▶ Problem description
Restate exactly, and only, the lines from the one with "集團總經理周明臣向參觀老人介紹陳醋原料" through the end of the data, with both of those end lines kept. Drop any pictures.

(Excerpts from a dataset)
********

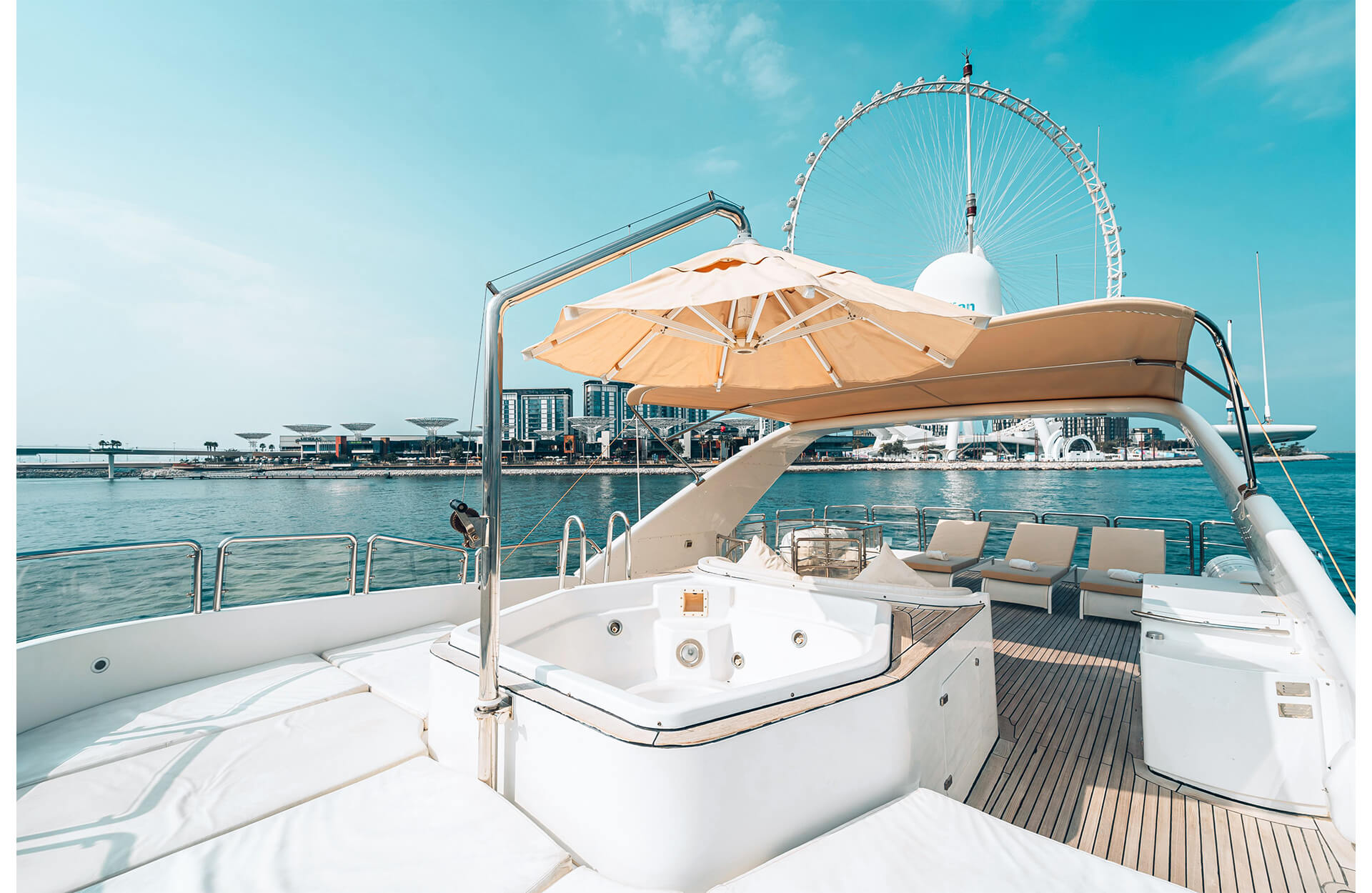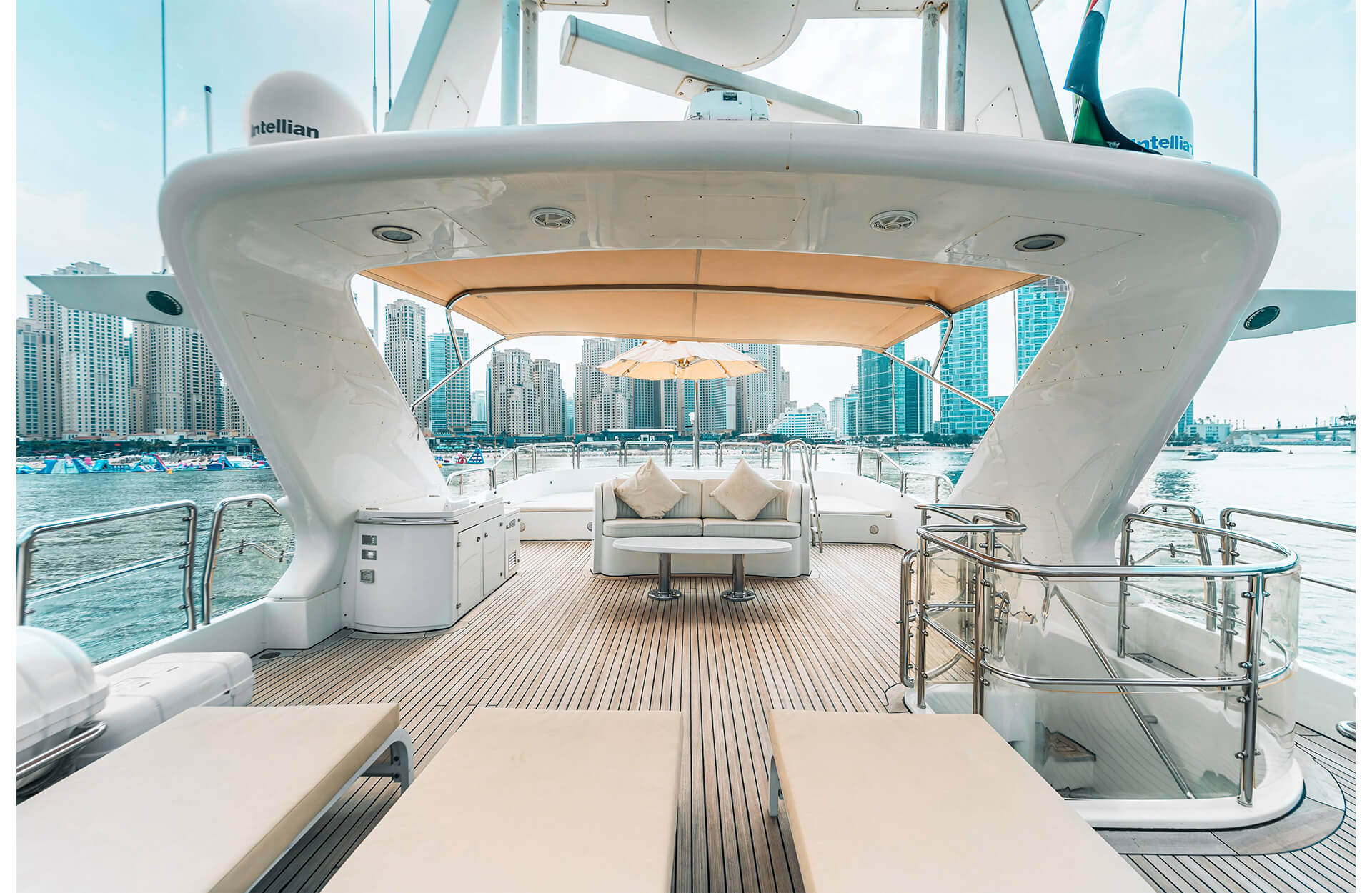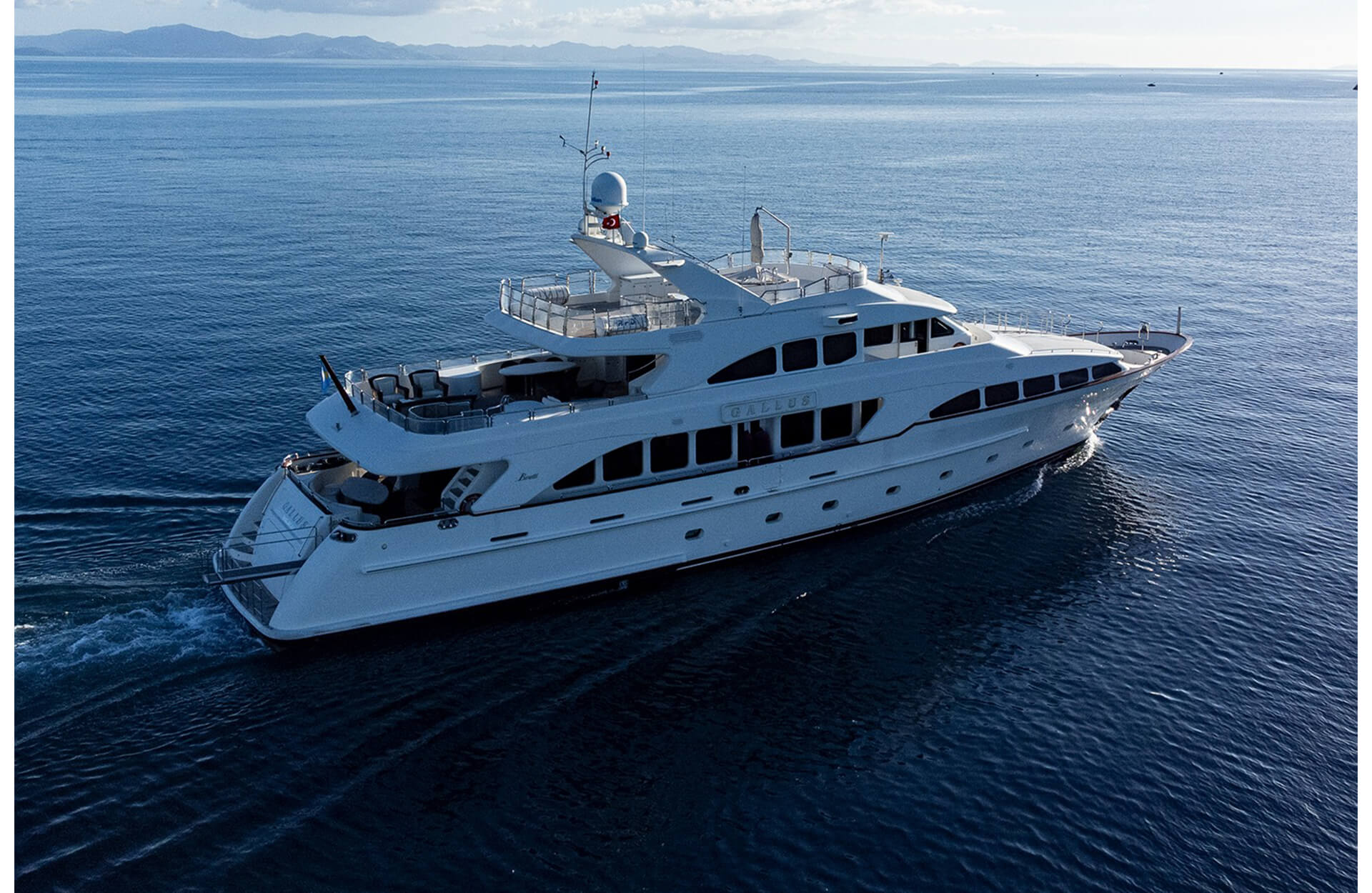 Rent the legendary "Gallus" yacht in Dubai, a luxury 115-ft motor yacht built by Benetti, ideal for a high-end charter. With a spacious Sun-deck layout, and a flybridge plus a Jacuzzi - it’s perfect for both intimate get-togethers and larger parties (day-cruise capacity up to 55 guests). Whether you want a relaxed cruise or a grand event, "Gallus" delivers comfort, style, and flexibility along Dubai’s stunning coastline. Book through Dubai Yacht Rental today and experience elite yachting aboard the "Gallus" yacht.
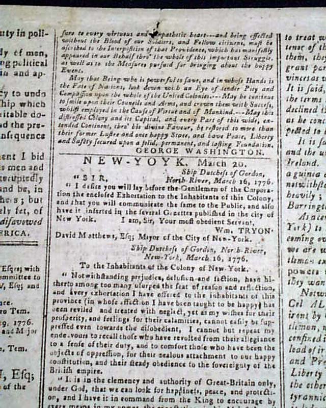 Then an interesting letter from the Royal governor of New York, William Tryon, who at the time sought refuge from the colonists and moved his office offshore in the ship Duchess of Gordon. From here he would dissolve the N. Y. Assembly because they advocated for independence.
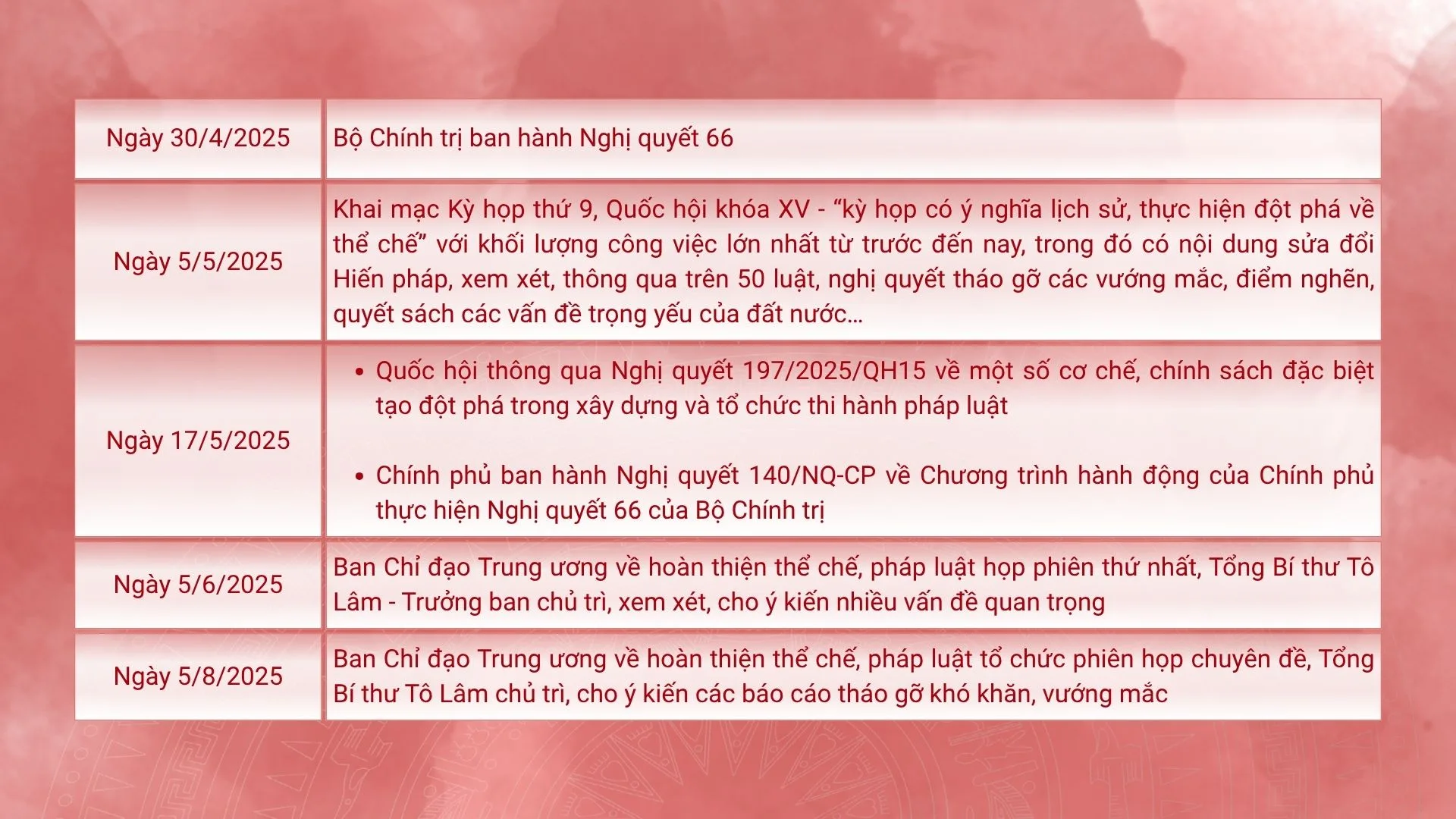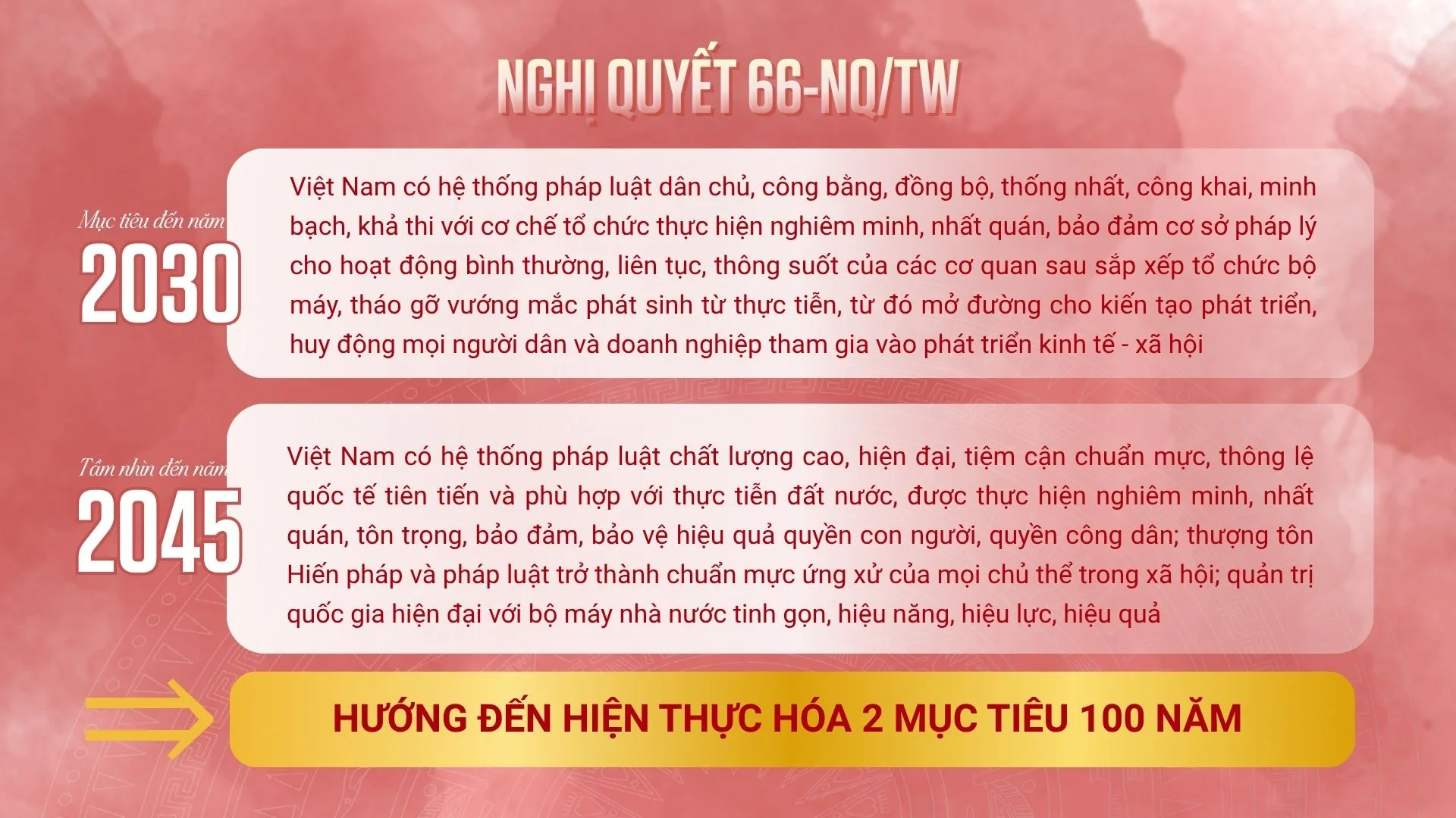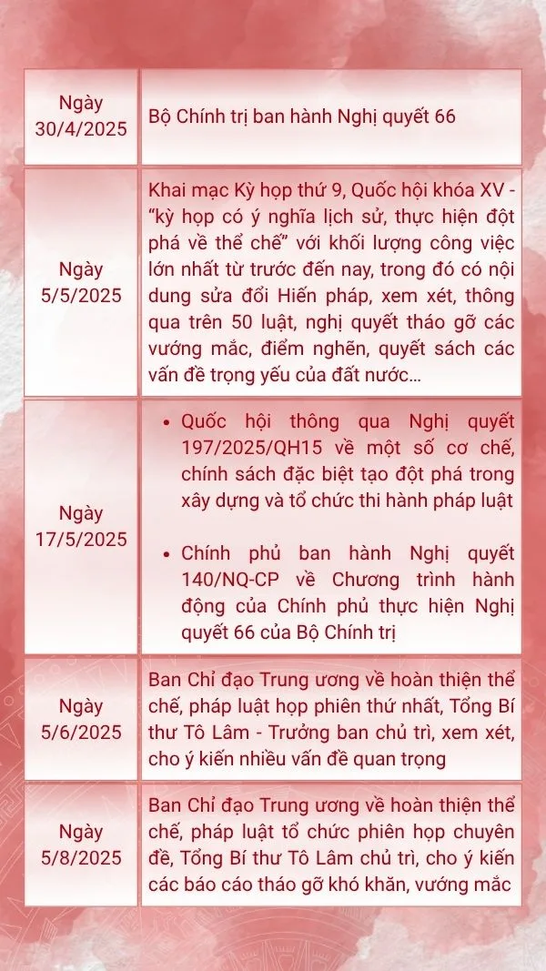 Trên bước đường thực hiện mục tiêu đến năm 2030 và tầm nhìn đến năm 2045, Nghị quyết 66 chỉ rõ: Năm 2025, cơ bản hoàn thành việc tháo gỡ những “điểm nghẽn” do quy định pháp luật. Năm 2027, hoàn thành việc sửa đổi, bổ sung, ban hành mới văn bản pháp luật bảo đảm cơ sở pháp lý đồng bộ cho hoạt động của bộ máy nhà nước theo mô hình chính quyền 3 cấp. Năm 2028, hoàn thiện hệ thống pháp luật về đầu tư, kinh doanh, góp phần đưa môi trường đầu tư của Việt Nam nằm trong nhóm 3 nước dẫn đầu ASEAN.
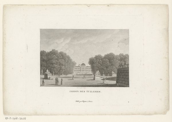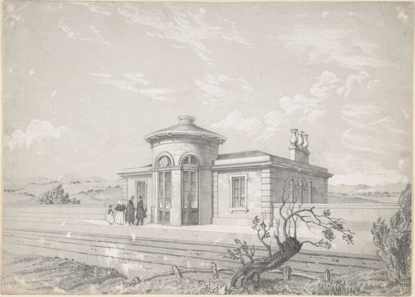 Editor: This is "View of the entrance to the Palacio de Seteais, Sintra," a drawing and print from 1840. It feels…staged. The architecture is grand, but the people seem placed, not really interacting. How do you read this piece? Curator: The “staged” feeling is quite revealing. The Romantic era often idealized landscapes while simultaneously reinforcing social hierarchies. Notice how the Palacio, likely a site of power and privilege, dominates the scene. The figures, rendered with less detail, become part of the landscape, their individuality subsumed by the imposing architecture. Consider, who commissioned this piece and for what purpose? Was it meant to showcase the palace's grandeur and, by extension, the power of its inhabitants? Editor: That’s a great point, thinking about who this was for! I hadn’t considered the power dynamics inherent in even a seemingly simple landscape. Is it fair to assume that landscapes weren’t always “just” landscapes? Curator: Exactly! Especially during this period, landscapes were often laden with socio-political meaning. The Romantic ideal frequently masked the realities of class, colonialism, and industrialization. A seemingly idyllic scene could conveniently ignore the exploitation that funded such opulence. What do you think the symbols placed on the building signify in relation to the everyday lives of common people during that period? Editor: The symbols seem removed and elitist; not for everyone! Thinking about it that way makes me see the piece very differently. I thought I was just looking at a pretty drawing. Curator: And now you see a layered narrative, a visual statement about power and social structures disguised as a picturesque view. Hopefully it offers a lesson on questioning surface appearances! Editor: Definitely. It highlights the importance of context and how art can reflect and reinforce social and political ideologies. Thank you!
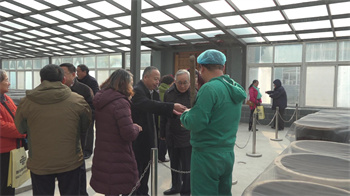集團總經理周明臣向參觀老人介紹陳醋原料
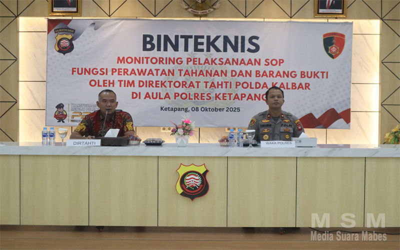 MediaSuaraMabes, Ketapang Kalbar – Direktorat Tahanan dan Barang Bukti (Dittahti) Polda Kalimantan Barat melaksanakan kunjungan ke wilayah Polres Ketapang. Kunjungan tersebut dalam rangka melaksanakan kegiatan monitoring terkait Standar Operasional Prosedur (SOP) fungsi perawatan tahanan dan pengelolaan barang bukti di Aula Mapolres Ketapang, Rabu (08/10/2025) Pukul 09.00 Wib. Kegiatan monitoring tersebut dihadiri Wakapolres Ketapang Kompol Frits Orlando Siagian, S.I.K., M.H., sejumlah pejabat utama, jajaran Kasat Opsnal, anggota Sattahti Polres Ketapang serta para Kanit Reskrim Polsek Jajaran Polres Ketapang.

********

▶ Exercise solution
集團總經理周明臣向參觀老人介紹陳醋原料
 MediaSuaraMabes, Ketapang Kalbar – Direktorat Tahanan dan Barang Bukti (Dittahti) Polda Kalimantan Barat melaksanakan kunjungan ke wilayah Polres Ketapang. Kunjungan tersebut dalam rangka melaksanakan kegiatan monitoring terkait Standar Operasional Prosedur (SOP) fungsi perawatan tahanan dan pengelolaan barang bukti di Aula Mapolres Ketapang, Rabu (08/10/2025) Pukul 09.00 Wib. Kegiatan monitoring tersebut dihadiri Wakapolres Ketapang Kompol Frits Orlando Siagian, S.I.K., M.H., sejumlah pejabat utama, jajaran Kasat Opsnal, anggota Sattahti Polres Ketapang serta para Kanit Reskrim Polsek Jajaran Polres Ketapang.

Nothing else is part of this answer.